Pancrace Bessa ( 1772 - 1846 )

A study of apricots


A study of apricots


watercolour
9¾ x 7⅝ in. (24.7 x 19.5 cm.)
signed
with fine antique French frame

£7,500

‘In the case of an artist like Pancrace Bessa it is difficult to know whether he would have succeeded without instruction from Redouté, or whether he is unjustly overshadowed by the great master.’ So wrote my father in his European Flower Painters of 1973, a copy of which must adorn the shelves of many of our more established clients and which provides a neat summary of Bessa’s life. All that can be added is that Bessa lived in a veritable golden age of natural history science, with many new plants arriving in France to be cultivated in the botanical gardens of the Musée national d'Histoire Naturelle (commonly known as the ‘Jardin des Plantes’), of the royals and of the aristocracy. These new plants required classification, description and illustration, and Bessa was one of hundreds of trained botanical artists who devoted themselves to this task.
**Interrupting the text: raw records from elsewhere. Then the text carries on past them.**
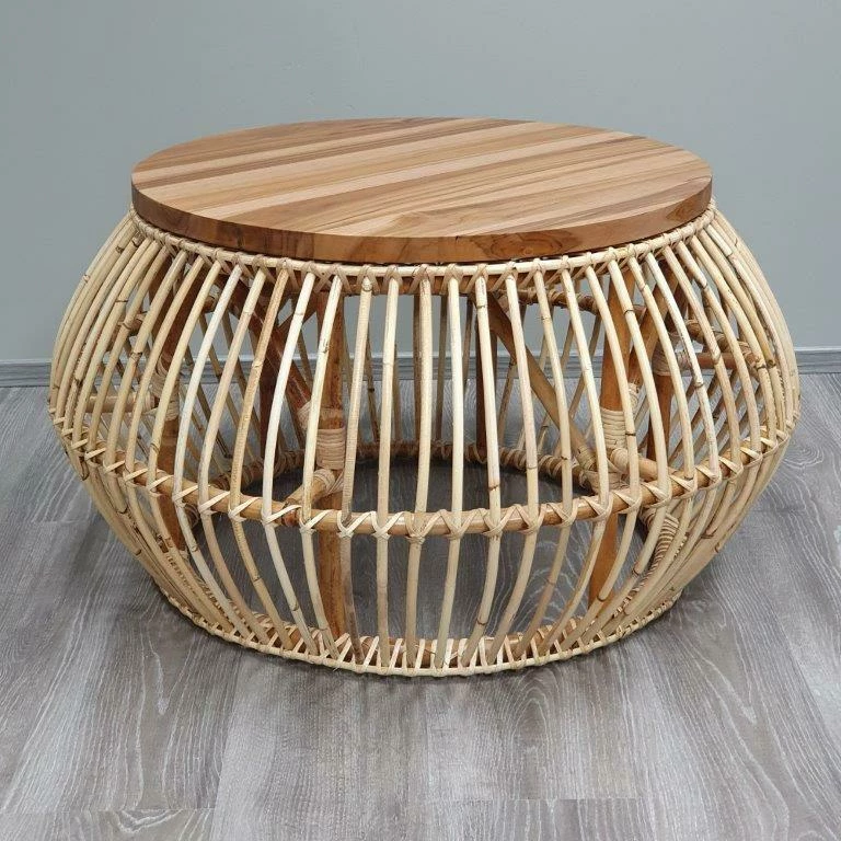 Kaunis Selandia sohvapöytä on helppo yhdistää erilaisiin sisustustyyleihin. Pöydässä yhdistyy tyylikkäästi rottinkinen jalkaosa ja aitopuinen kansi, jossa puunsyyt tulevat hienosti esiin ja antavat jokaiselle pöydälle yksilöllisen ilmeen.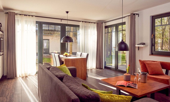 In the heart of the Mecklenburg Lake District, in a beautiful secluded location directly on the idyllic Drewitzer See and in the midst of the nature park Nossentiner-Schwinzer Heide, the cottages are located in a small holiday park - the Van der Valk Naturresort Drewitz. The cottages are modern furnished and offer everything to spend a relaxing and relaxing holiday in the Mecklenburg Lake District. The fireplace, which all holiday homes have, ensures cozy warmth and romantic hours. Enjoy the tranquility of a walk through the forest, the fresh air and the clean water of the lake for swimming and fishing invites. For the well-being, a restaurant with a sun terrace and a wonderful lake view offers culinary delicacies. There is also a modern indoor pool, sauna, a mini golf course and rowing boats, fishing and bike rentals to individually customize your holiday.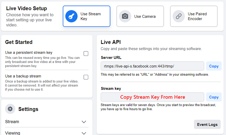 Once you have chosen all your settings, copy the Facebook Server URL and Stream key.
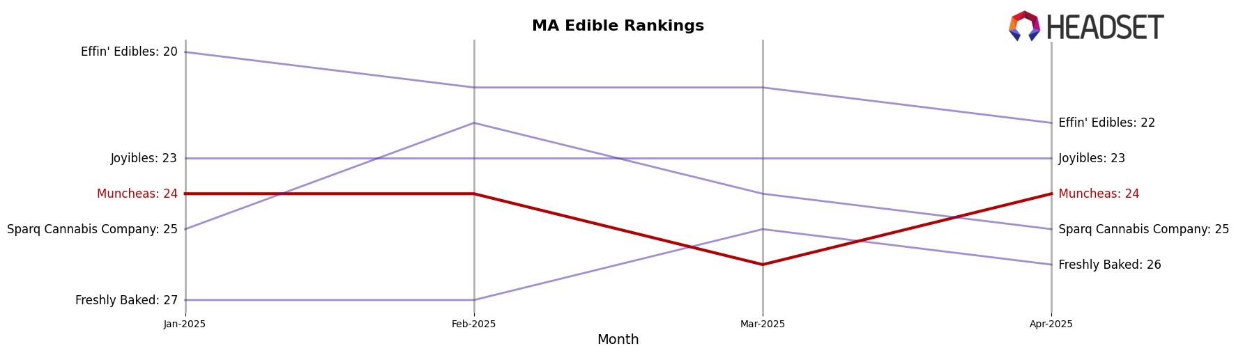 Muncheas has shown a consistent presence in the Massachusetts edible category over the last few months of 2025. Despite not breaking into the top 15, the brand has maintained a steady ranking, starting at 23rd in September and slightly improving to 20th in October. This upward trajectory is a positive sign, suggesting that their strategies in the Massachusetts market are resonating well with consumers. However, after reaching 20th place, Muncheas experienced a small dip to 21st in November, followed by another slight decrease to 22nd in December. This fluctuation indicates a competitive landscape where maintaining a higher rank requires continuous adaptation and innovation.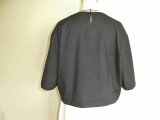 ゆったり目のシルエットですが、前身頃のウエストに2本ダーツが入り、裾で少ししぼってすっきりと見えるようにしました。衿ぐり、裾は見返しをつけ飾りステッチをしています。ドロップショルダーで肘下ぐらいの6分丈です。肩・脇はロックミシン、袖口はロックミシン後ステッチし、袖ぐりはバイヤスで始末しました。後ろスラッシュあきでカギホックが付いています。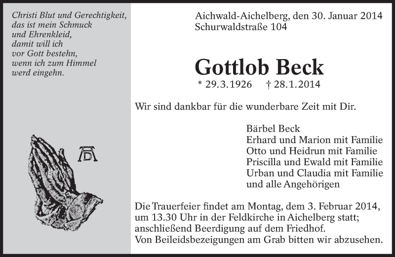 Hier finden Sie alle Traueranzeigen aus der Zeitung, die bisher für Gottlob Beck erschienen sind. Weitere Traueranzeigen, die in der Zeitung erscheinen, werden hier ebenfalls aufgelistet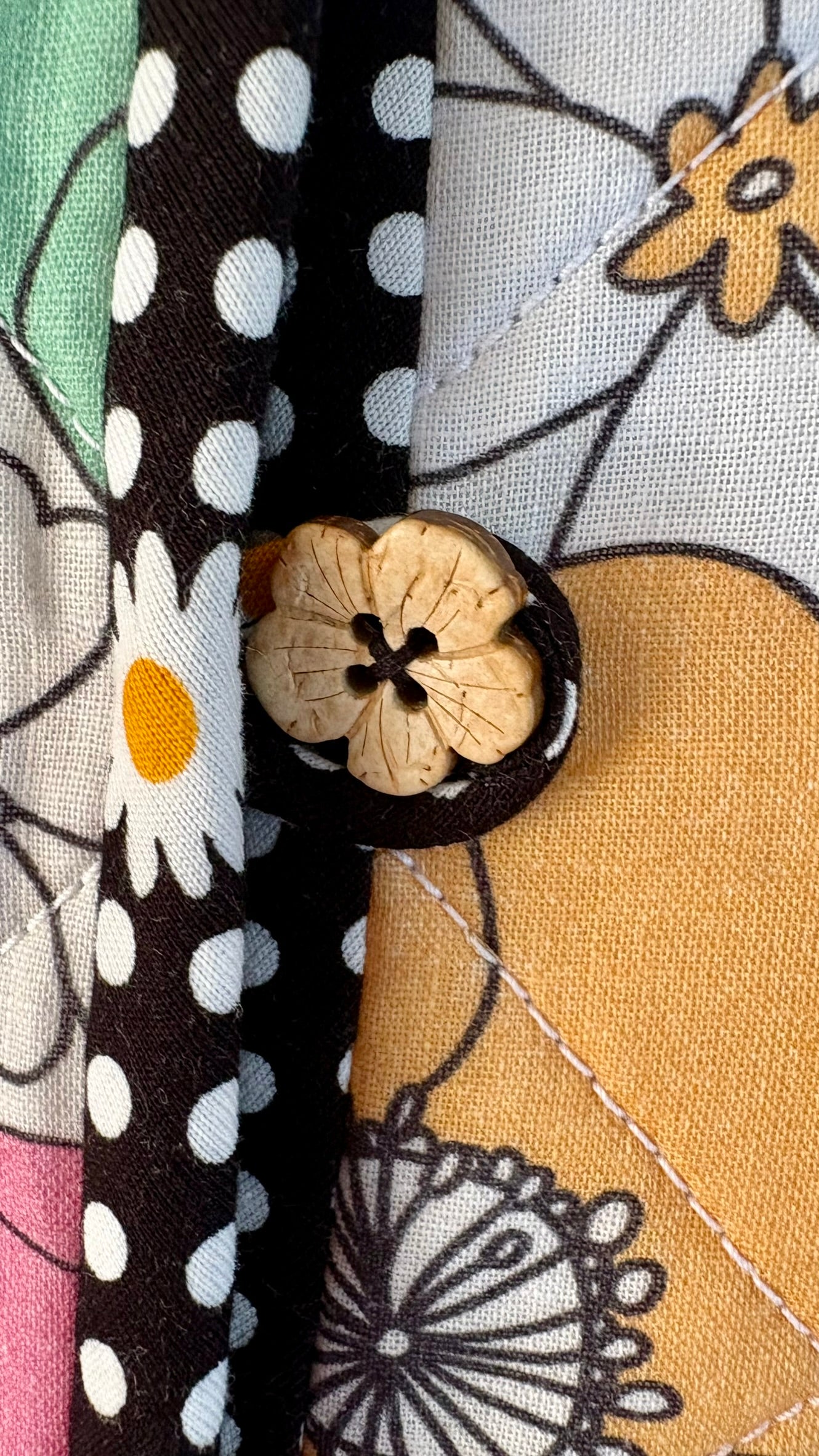 This one-of-a-kind quilted jacket is a true statement piece, blending vintage charm with sustainable style. Made from a beautiful 1970s vintage sheet paired with linen offcuts and lined with soft jersey fabric rescued from an op shop, every element tells a story. Thoughtful details include unique wooden flower buttons, practical patch pockets, reinforced elbow patches, and a flattering stand-up collar finished with hand-stitched bias binding. Crafted with attention to detail and bound seams for a beautifully neat finish inside and out. Size Small (10-12)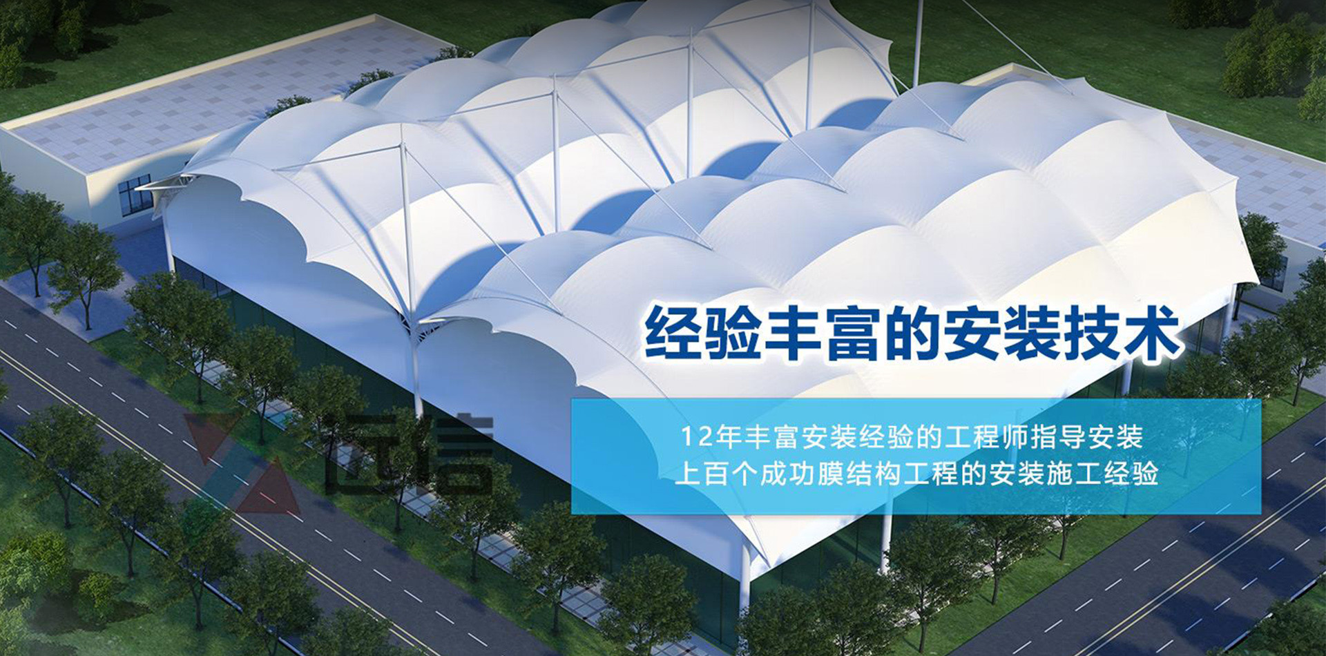 3.從結(jié)構(gòu)設(shè)計上降低膜材安裝難度選用膜材均為國產(chǎn)或進(jìn)口優(yōu)質(zhì)膜材料,高強拉力,優(yōu)質(zhì)抵抗老化涂層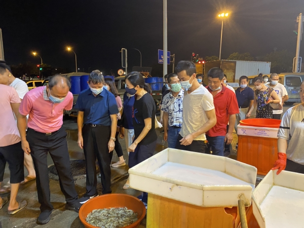 最后,陈有亮一行带队前往中埔市场考察海鲜原材料,了解掌握产品质量、价格、产地、相关凭证及溯源等行情动态。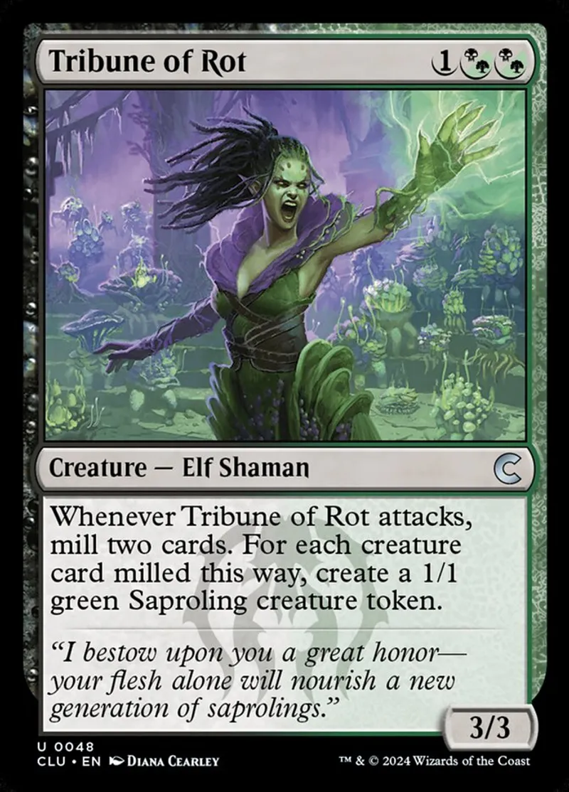 Magic: the Gathering (mtg) uncommon Creature — Elf Shaman Tribune of Rot from Ravnica: Clue Edition (clu) last updated 2026-02-21 15:56:02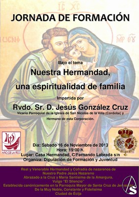 Arte Sacro. La Real y Venerable Hermandad y Cofradías de nazarenos de Nuestro Padre Jesús Nazareno Abrazado a la Cruz y María Santísima de la Amargura. Vulgo “El Silencio”. Establecida canónicamente en la Parroquia Mayor de Santa Cruz de Jerusalén, de la muy noble, constante y fidelísima ciudad de Écija organiza Jornada de Formación bajo el tema “Nuestra Hermandad, una espiritualidad de familia”. Será impartida por Rvdo. Sr. D. Jesús González Cruz Vicario Parroquial de la Iglesia de San Nicolás de la Villa (Córdoba) y hermano de esta corporación.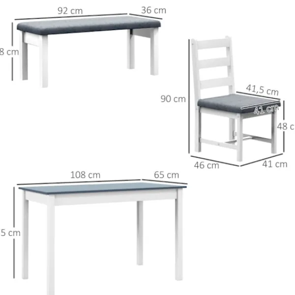 - Viktkapacitet: 50 kg (bord), 200 kg (bänk), 120 kg (stol)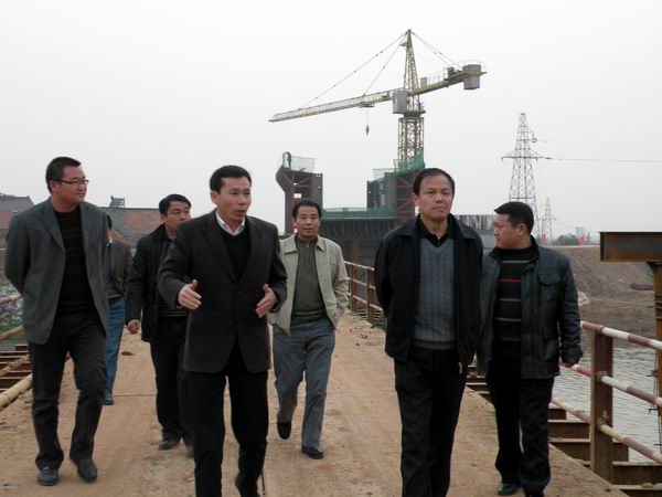 下午5點,潘主席一行經過3個多小時的車程后來到項目施工現場,先后視察了兩個標段的建設工地和預制梁場。視察過程中,潘主席不時的對施工進展情況和技術要點進行詳細的詢問,對公司精湛的施工技術和良好的管理表示敬佩。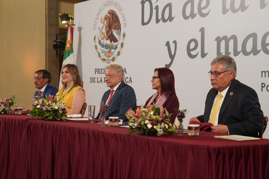 El presidente Andrés Manuel López Obrador conmemoró en Palacio Nacional el Día de la Maestra y el Maestro, a quienes dijo que tendrán garantizado el derecho a la salud y a una pensión digna.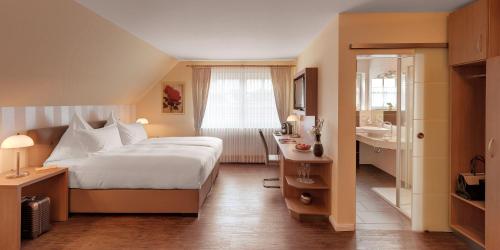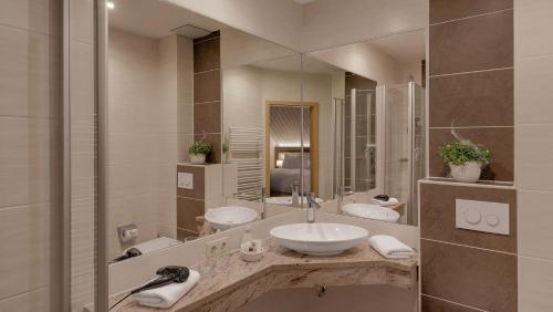 The Romantik-Hof offers comfortably furnished rooms in a classic and modern style, featuring a flat-screen TV with seating area, a coffee/espresso machine and minibar. All private, modern bathrooms come with a bathrobe, hairdryer and large mirror.
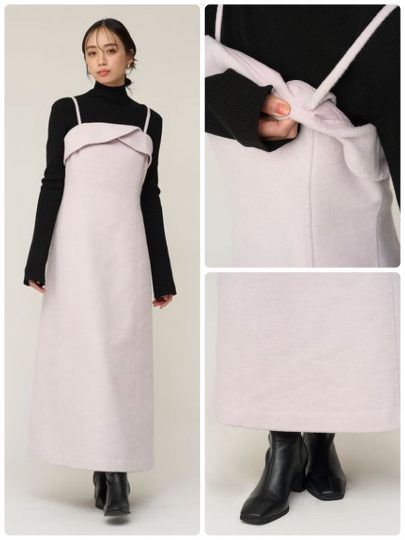 程よくフィット感のあるトップス部分とさりげないフレアスカートのメリハリでスタイルアップを叶えてくれるベアワンピース。あたたかみのあるウール混の生地がシーズンムードを高めてくれます。肩ひもは長さの調節でき、取り外しも可能。今の時期ならレイヤードコーディネートがおすすめです。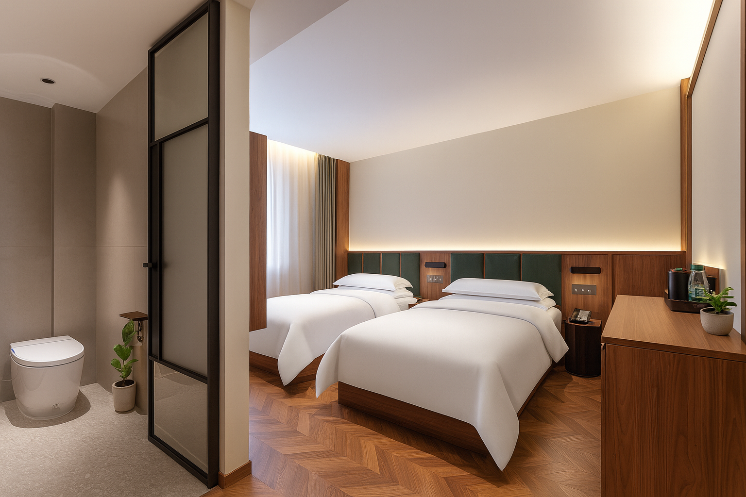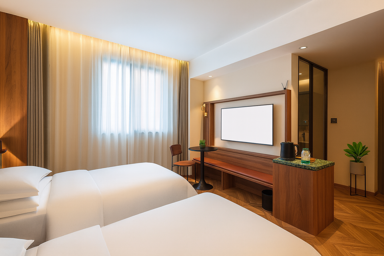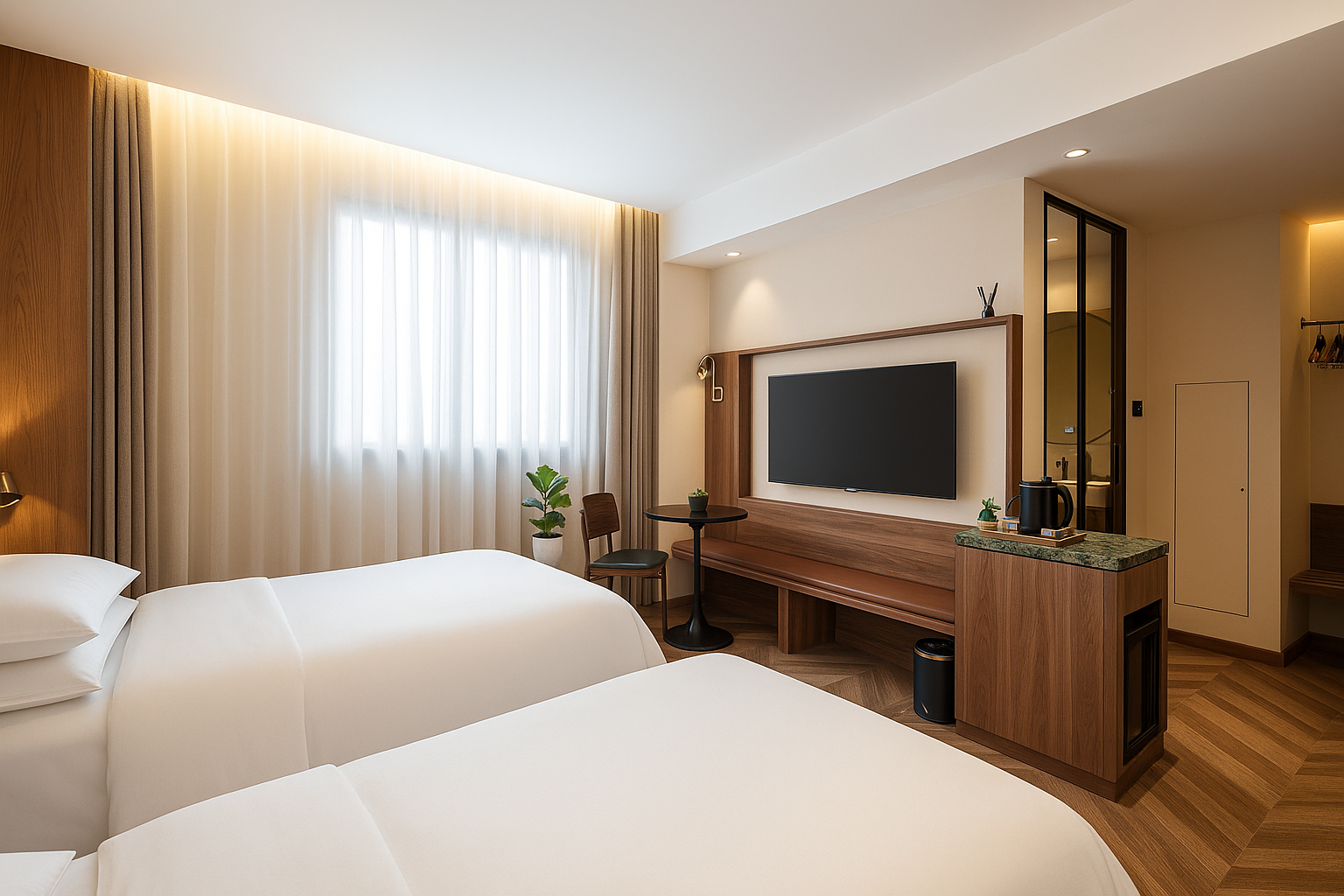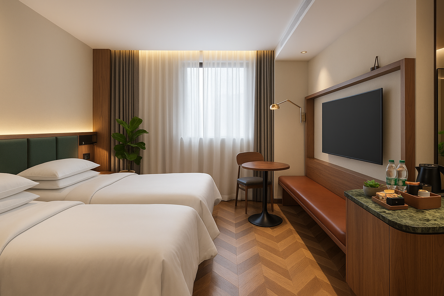 豪华阳光双床房「记忆深睡眠枕垫+迷你冰箱+办公配套」

Bessa painted the originals for one of the most important French periodicals of the period—Mordant de Launay's (and later Loiseleur-Deslongchamp's) Herbier Général de l'Amateur (Paris, [1810–]1816–1827)— depicting in watercolour on vellum five hundred and seventy-two rare and new plants growing in the gardens of Paris. Bessa was also a teacher of flower painting, and one of his pupils was also his patroness—the Duchesse de Berry, sister-in-law of Charles X. The king then purchased all of the originals for the Herbier as a gift for the duchess.